> Work order:
In the data below, set down exactly the lines from the one containing "KTM garantiza una" up to and including the one containing "Charming black Santa". Leave the pictures out.

> Provided data:
+--

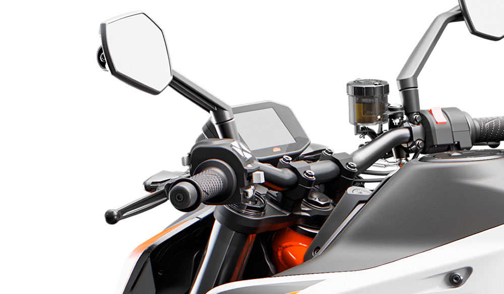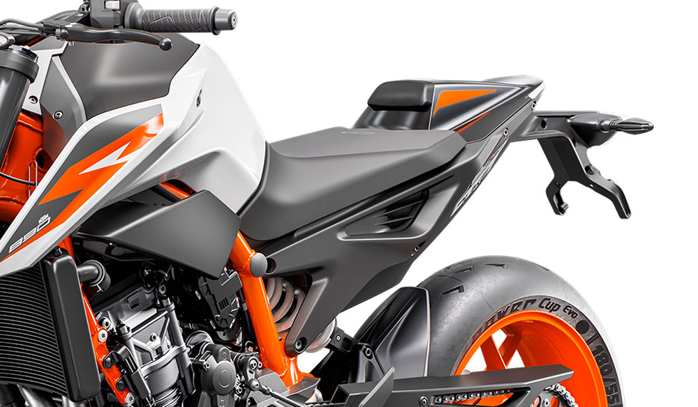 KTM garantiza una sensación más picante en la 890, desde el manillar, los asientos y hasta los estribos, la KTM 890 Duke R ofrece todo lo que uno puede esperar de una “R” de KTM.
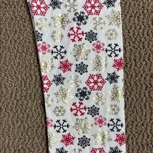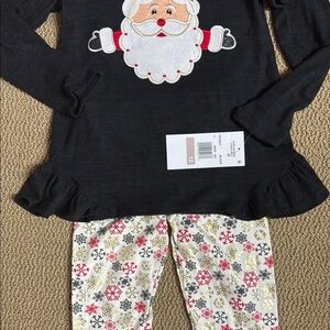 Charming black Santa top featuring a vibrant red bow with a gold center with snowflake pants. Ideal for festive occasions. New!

+--

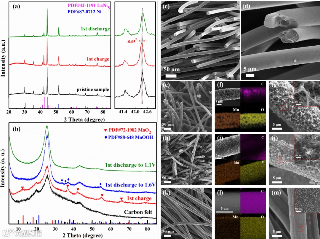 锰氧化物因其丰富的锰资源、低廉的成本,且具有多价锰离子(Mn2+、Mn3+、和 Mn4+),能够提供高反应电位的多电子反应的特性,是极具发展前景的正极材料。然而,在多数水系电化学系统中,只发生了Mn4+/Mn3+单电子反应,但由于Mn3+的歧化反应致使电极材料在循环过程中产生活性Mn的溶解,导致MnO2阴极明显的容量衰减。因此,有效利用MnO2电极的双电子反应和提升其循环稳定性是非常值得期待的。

+--

> Response:
 KTM garantiza una sensación más picante en la 890, desde el manillar, los asientos y hasta los estribos, la KTM 890 Duke R ofrece todo lo que uno puede esperar de una “R” de KTM.
 Charming black Santa top featuring a vibrant red bow with a gold center with snowflake pants. Ideal for festive occasions. New!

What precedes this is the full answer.